Recebi uma enxurrada de e-mails de leitores de várias cidades brasileiras. Uma forte amostragem de opinião pública. Um denominador comum esteve presente em todas as mensagens: as pessoas não admitem o não julgamento do mensalão, com a consequente consagração da impunidade. Ao mesmo tempo, afirmam que o trabalho investigativo da imprensa deve continuar e aprofundar.
Em que pé estão as coisas? O processo aguarda a conclusão do trabalho de revisão do ministro Ricardo Lewandowski. Alguns crimes já prescreveram. Se o mensalão não for julgado em 2012, a probabilidade de impunidade é total. Em 19 de abril, assume a presidência do STF o ministro Ayres Britto. Conhecendo a biografia do ministro e suas tomadas de posição, é praticamente certo que o novo presidente queira julgar o mensalão durante sua gestão.

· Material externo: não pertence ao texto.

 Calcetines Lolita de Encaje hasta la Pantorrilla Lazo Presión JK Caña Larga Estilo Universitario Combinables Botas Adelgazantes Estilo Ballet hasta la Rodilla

Chegou a hora do Supremo Tribunal Federal. Julgar o mensalão não é uma questão de prazos processuais. É um dever indeclinável. A cidadania espera que a Suprema Corte priorize o que é, de fato, relevante. Se o STF carimbar o mensalão com a prescrição, hipótese gravíssima, concederá, na prática, um passaporte para a institucionalização dos malfeitos.

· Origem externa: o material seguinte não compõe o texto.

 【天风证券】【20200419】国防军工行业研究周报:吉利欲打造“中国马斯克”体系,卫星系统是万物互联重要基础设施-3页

A desqualificação do mensalão é essencial para aqueles que se apropriaram do Estado brasileiro. O primeiro sinal do desmonte do mensalão foi dado pelo ex-presidente Luiz Inácio Lula da Silva. Ao deixar o governo, ele disse que sua principal missão, a partir de janeiro de 2011, seria mostrar que o mensalão "é uma farsa". A "farsa" a que se referia Lula derrubou ministros do seu governo, destituiu dezenas de diretores de estatais e mandou para o espaço a cúpula do seu partido. Encurralado, o então presidente só não caiu graças ao tamanho da incompetência da oposição.
Réus do processo passaram a ocupar postos altos nas estruturas dos Poderes. João Paulo Cunha (PT-SP) foi eleito presidente da Comissão de Constituição e Justiça da Câmara dos Deputados. José Genoino foi nomeado assessor especial do Ministério da Defesa, então comandado por Nelson Jobim, ex-presidente do STF. José Dirceu, "o chefe da quadrilha" segundo escreveu o então procurador-geral de República na denúncia em que acusou a antiga cúpula do partido de Lula e de Dilma de se ter convertido numa "organização criminosa", transita com desembaraço nos corredores do poder.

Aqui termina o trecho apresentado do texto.